Department of Rheumatology, Concord Hospital, NSW 2139, Australia
SIR, The article by Rasmussen et al. [1] concerning cervicobrachial pain and compensation is an important attempt to answer a vexed question. However, I am concerned that the assertions made in this article cannot be sustained on careful scrutiny of the methods and results.
First, it is stated that the only information on the patients at the time of referral came from the referring practitioner's letter. In my own country, this letter often provides ample evidence of whether the patient was involved in compensation (e.g. the nature of the onset of the problem). This would have potentially identified the patients with financial compensation to the assessing doctors. Secondly, I am puzzled by the group whose data were excluded from the study. It is reported that 19 patients failed to provide adequate information about their compensation status, and no information concerning their pain and disability scores is provided. However, clinical information was clearly collected on these patients, so that we are told how many of these patients had paresis and how many had undergone surgery. Why was their questionnaire data not obtained or checked when this clinical information was collected?

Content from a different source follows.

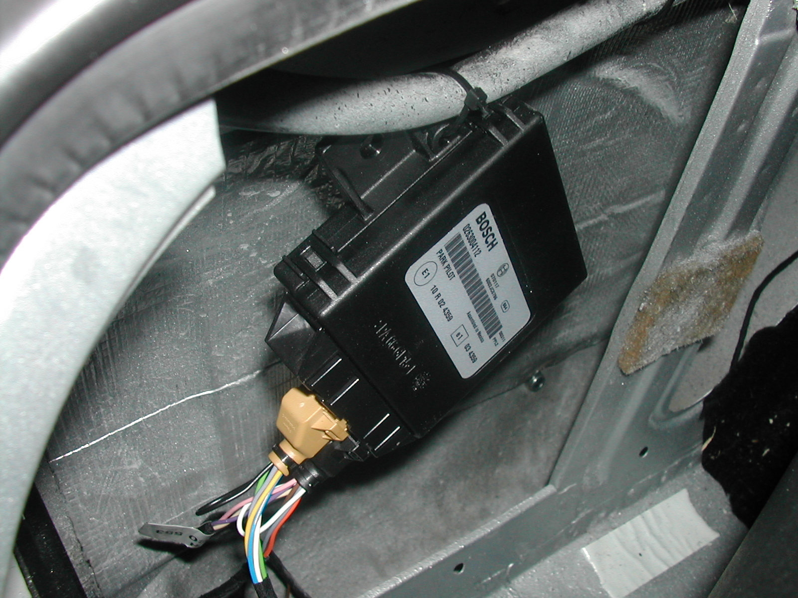 Acredito que o melhor local para fixar  a unidade de comando do park pilot (embora eu apenas prendi no chicote original) seja na lateral traseira esquerda, retirando o acabamento do portamalas.

The inclusion criteria for the study state that patients had to have had their pain for between 4 weeks and 6 months. Therefore, this information must have been collected. However, there is no information provided about the duration of pain in each of the two groups. Indeed, it is mentioned in the discussion that this may be an important confounder. Moreover, because the longer patients have their pain the longer it is likely to persist, this would be an important potential confounder if there were a difference. Furthermore, it may be that compensible patients had sought compensation because of longer duration of their symptoms, which they had expected to improve spontaneously.
The comparison of the groups at baseline cannot exclude an important difference in pain levels between the groups. The numbers are too small, and failing to find a statistically significant difference between small numbers of patients does not exclude a clinically significant difference. In particular, I note that the median disability index in the compensible group was 68, compared with 50 in the non-compensible group. At first glance this would seem an important difference, and failing to reach a statistically significant difference with such small numbers does not eliminate this impression. I am further puzzled by the inclusion in the non-compensible group of at least one patient who scored their pain in the neck as zero (Table 1 in reference [1]). Surely if they have no pain, they should not be in the study, and any improvement or satisfaction is spurious. The inclusion of such patients would undoubtedly bias the study against the compensible group.
I am concerned that only some of the outcome data have been presented. There is no comparison of the two groups' disability scores, pain scores or analgesic use. Rather, we are given global patient perceptions on a non-validated perception scale. I have no doubt that people feel generally worse when their credibility is being questioned or their financial future is at stake, which are both almost invariable consequences of involvement in financial compensation. To present only self-perception measured by a postal questionnaire risks measuring parameters that are unrelated to the study question.
Finally, the literature quoted in the review is a biased cross-section of the available literature of the topic and is accepted uncritically. The conclusions of the study by Cassidy et al. [2], in particular, have been held up to much criticism, as it measures insurance claims and not patient-based data. The authors have not considered, for example, the findings of Swartzman et al. [3].
I would think that a much more robust study is needed to address this difficult and controversial issue successfully.